Mr. Donahue identified as a Universalist, and was a member of the Wellsprings Congregation in Chester Springs, Pa., for the past two years, after 15 years at the Thomas Paine Unitarian Universalist Fellowship, in Collegeville, Pa. He was eclectic in his religious leanings, finding wisdom in the writings of Thich Nhat Hahn (“the real miracle is not to walk either on water or in thin air, but to walk on earth”), John Shelby Spong (“I think that anything that begins to give people a sense of their own worth and dignity is God”), and Yogi Berra (“The future ain’t what it used to be”).

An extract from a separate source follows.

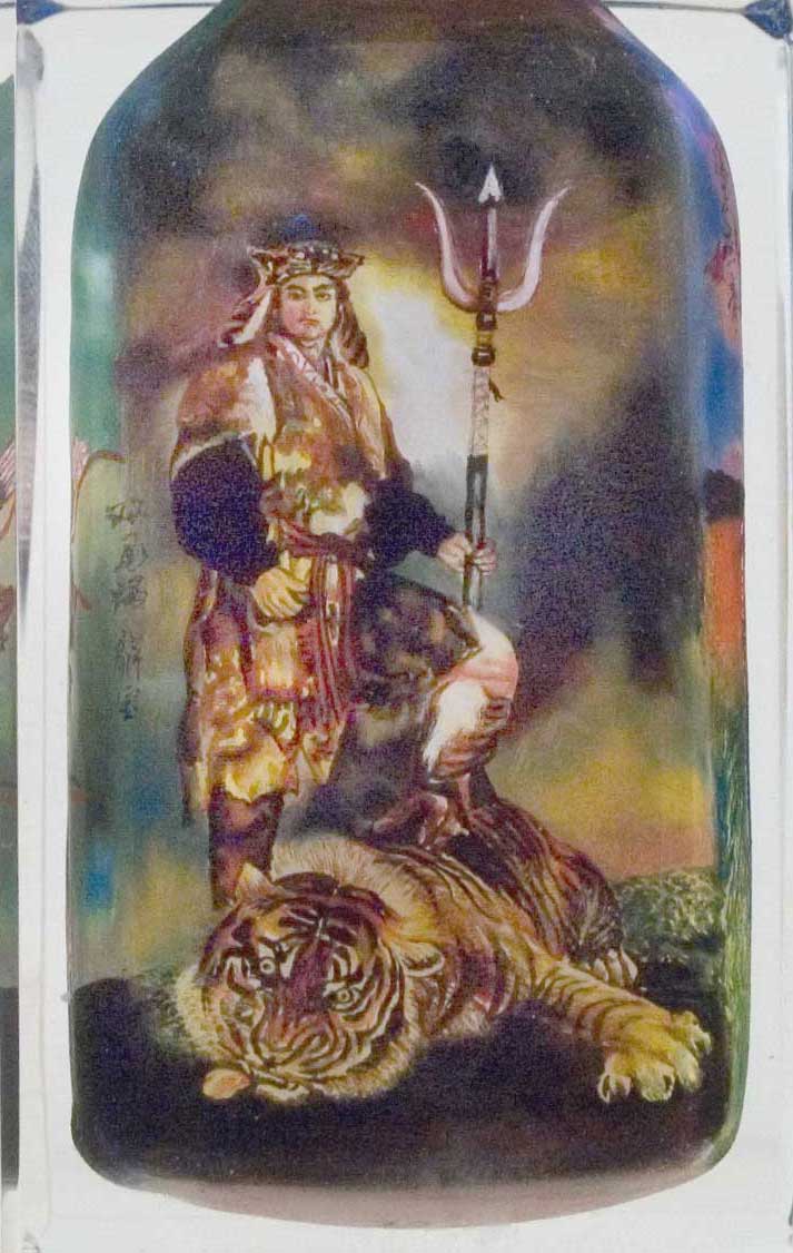 天哭星双尾蝎 解宝 Xie Bao Xie Bao (解宝) was a character in the Water Margin. Xie Bao and his brother Xie Zhen were rated as top hunters in Dengzhou. Xie stood at 7 feet, had a round face and a dark complexion. He had a pair of flying yaksha tattoos on his legs, and dressed in a similar manner to his brother. He was brave and daring, skilled in martial arts and carried a bronze forked spear. He could scale mountains and climb cliffs as well, thus earning him the nickname 'Double-tailed scorpion'(双尾蝎). Once, the Xie brothers were assigned to hunt down a ferocious tiger. The tiger was shot by their poison arrows and landed in Squire Mao's backyard. Squire Mao sent the dead tiger to the county office for his reward and framed the Xie brothers of robbing him. He bribed the county governor, who sentenced the Xie brothers to death. Luckily, Yue He, Sun Li, Sun Xin, Gu Dasao, Zou Run and Zou Yuan raided the prison and rescued the Xie brothers. They killed Squire Mao and his family, then fled to Liangshan. The Xie brothers aided Sun Li as they acted as conspirators within the Zhu Family Village, allowing the Liangshan heroes to conquer Zhu Family Village easily. The brothers eventually joined the bandits officially and were part of the 36 Heavenly Chieftains, and were leaders of the Liangshan infantry. They followed the heroes on their campaigns as they defeated the Liao Tartars and subdued the southern rebels. During the Fang La campaign, the Xie brothers sneaked into Hangzhou and aided the heroes in conquering Hangzhou, making great contributions. Then, the Xie brothers volunteered to act as spies when the heroes were attacking Wulong Ridge. They disguised themselves as hunters and tried to scale the mountain. Enemy troops spotted them, which resulted in Xie Zhen falling to his death and Xie Bao being shot to death by arrows. After that, the enemy troops displayed the bodies of the Xie brothers, trying to lure Song Jiang to attack them, but Song Jiang lost and managed to escape under the protection of the heroes. Information from Wikipedia. Bottle painting by Li Yaming |

Mr. Donahue was born in Englewood, New Jersey, on Nov. 15, 1965, and grew up in Aberdeen, N.J. He attended St John Vianney High School in Holmdel, NJ, and the University of Delaware, graduating in 1988. He married Virginia Anne Kirk on March 7, 1992, in Dover, Del.

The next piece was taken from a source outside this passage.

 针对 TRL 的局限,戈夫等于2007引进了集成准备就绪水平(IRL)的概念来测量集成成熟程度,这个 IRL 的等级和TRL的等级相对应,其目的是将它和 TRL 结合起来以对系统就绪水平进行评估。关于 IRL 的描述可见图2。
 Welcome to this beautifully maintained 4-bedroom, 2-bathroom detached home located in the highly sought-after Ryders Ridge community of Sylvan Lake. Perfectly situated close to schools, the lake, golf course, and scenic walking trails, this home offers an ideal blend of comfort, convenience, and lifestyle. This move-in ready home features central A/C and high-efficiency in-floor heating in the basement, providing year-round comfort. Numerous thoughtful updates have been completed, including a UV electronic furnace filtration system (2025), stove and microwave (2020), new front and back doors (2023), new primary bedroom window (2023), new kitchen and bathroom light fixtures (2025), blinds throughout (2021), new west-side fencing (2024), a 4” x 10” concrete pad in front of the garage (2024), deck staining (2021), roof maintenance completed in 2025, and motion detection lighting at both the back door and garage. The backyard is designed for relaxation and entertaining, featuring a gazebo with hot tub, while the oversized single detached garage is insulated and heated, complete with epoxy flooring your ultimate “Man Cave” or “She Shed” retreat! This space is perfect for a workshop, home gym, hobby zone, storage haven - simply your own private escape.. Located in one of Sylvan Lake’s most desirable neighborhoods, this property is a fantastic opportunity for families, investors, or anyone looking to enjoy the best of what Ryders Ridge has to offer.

Mr. Donahue leaves behind his wife Virginia and two sons, Peter, 18, and Robert (Kelly), 15, all of Eagleville; his mother, Maureen Donahue, of Aberdeen, NJ; a brother, Christopher Donahue, of Atlantic Highlands, NJ, and a sister, Susanne Underwood, of Tinton Falls, NJ; five nieces and nephews; 812 Twitter followers (he’d appreciate it if his posthumous follower total reached 1,000. His username is @kevdonahue); and a three-year-running streak as coach of the champions of the local high-school rec basketball league. He requests that former team members serve as pallbearers—except Shane Burke; he sometimes had trouble holding on to the ball.
Mr. Donahue loved his family dearly, and his fondest wishes were that his children grow up to be good and loving people and that he and his wife enjoy together the adventure of life after the kids left home. At this point, the best he can hope for is 1 of 2.

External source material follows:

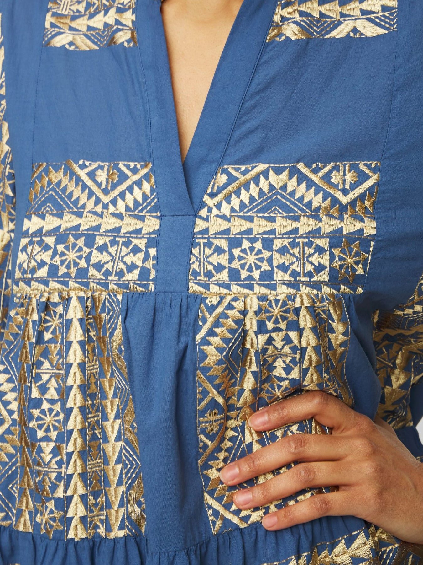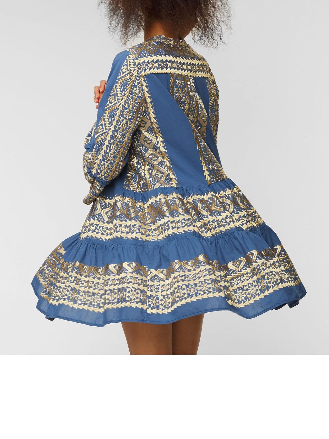 GREEK ARCHAIC KORI Embroidered Boho Mini Dress Indigo/Gold

“He was very level-headed and at times it could bug the shit out of me—don’t even get me started on his flat affect when I was emotional,” said Ms. Kirk. “But though our approaches differed, we shared a set of values and a perspective. We were a good team and, gosh, I loved him. Did I mention the sex? Incredible.
“Excuse me, but I think I’m gonna cry now.”
Services for Mr. Donahue will be held this Saturday, Nov. 24, at Wellsprings Congregation, with a brief reception afterward at the family’s Eagleville home. Leftover turkey sandwiches will be served, as well as several kinds of beer (Ms. Kirk says it all needs to go or her 18-year-old son will be in to it like stink on a skunk).
Mr. Donahue was a journalist and collector of writings and thoughts. His personal blog included the following two quotes, which would be good items for his tombstone, but it’s unlikely he’ll end up in the ground, as he thought that caskets and cemeteries were pretty inhuman places for one’s body to spend a thousand years. He preferred a cardboard box, maybe one that held a large appliance—a TV, perhaps—and an unmarked spot tucked in to the backyard, near the trees. Anyway, the quotes:
Anyone who thinks sitting in church can make you a Christian must also think that sitting in a garage can make you a car. — Garrison Keillor
Don’t ask what the world needs. Ask what makes you come alive, and go do it. Because what the world needs is people who have come alive. — Howard Thurman
Instructions for Kevin’s service
- I’d have it at Wellsprings
- Ken Beldon can officiate
- Kent Matthies gets 10 minutes
- My brother and sister can have all the time they want, but can’t talk about the time Sue scared me and I dropped Chris on his head from the bunk bed.
- I’d like somebody to gather up my 10 best analogies ever
- Anybody can say whatever they want. Just keep it quick. This service should be shorter than it will be. This service needs an editor, and I won’t be around.
- The music. I leave it to Matt Gordon to make the final decisions, but I’d like him to play “What’s So Funny ‘Bout Peace, Love & Understanding,” Mark Hart to sing “Orange Sky” by Alexei Murdoch and the Wellsprings band to play “We Are Marching in the Light of God” at the end, but only with the English words. My relatives won’t go for the African stuff.